The village belongs to the Pays de Bitche. As of 2013 Schorbach had 551 residents. The residents refer to themselves as Schorbachois, and are also known by the sobriquet Wurschtfresser, a name that refers to the annual Wurschtfescht (sausage feast) that is celebrated on Saint Rémi's day.

== Geography ==
Schorbach is a few kilometres South of the border with the Palatinate (Germany), North-east of Bitche. The commune is part of the Palatinate Forest-North Vosges Biosphere Reserve.

== History ==
The name Schor-Bach, probably meaning turtle-stream, is first seen in 1210. The place was long part of Zweibrücken-Bitsch.

Schorbach was an early seat of a church congregation, served by the Hornbach monastery, and until the French Revolution it remained the central church for the surrounding villages.

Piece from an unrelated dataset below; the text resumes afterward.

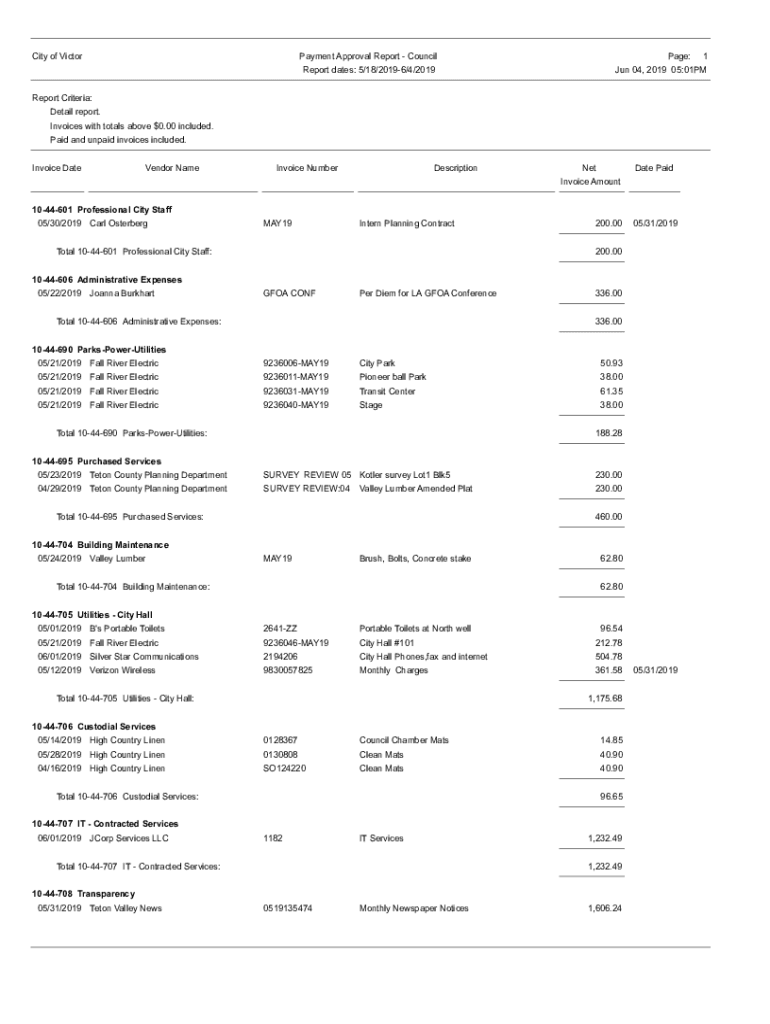 City of VictorPayment Approval Report Council Page:Report dates: 5/18/20196/4/2019 Report Criteria: Detail report. Invoices with totals above $0.00 included. Paid and unpaid invoices included. Invoice

At the start of World War II, the inhabitants were evacuated to the Département of Charente. Schorbach was liberated by American troops on 16 March 1945.

== Culture ==
The church of Saint Rémi, built on the site of a previous church inaugurated in 1143, on a rock overlooking the town, was the central parish church of the Pays de Bitche for many centuries. The founder of the church is unknown, but local history frequently ascribes the foundation to Berthold von Eberstein, whose son Eberhard III resigned his right of patronage at the nearby Sturzelbronn abbey. Eberhard's daughter married Count Henri II of Zweibrücken-Bitsch.

A square tower survives from the time of the foundation of the church, but the nave is Gothic. In 1774 the church, which had fallen into ruin, was comprehensively restored.

Schorbach is also known for the Ossarium at the entrance of the old churchyard, which dates from either the 12th or 15th century, according to different sources.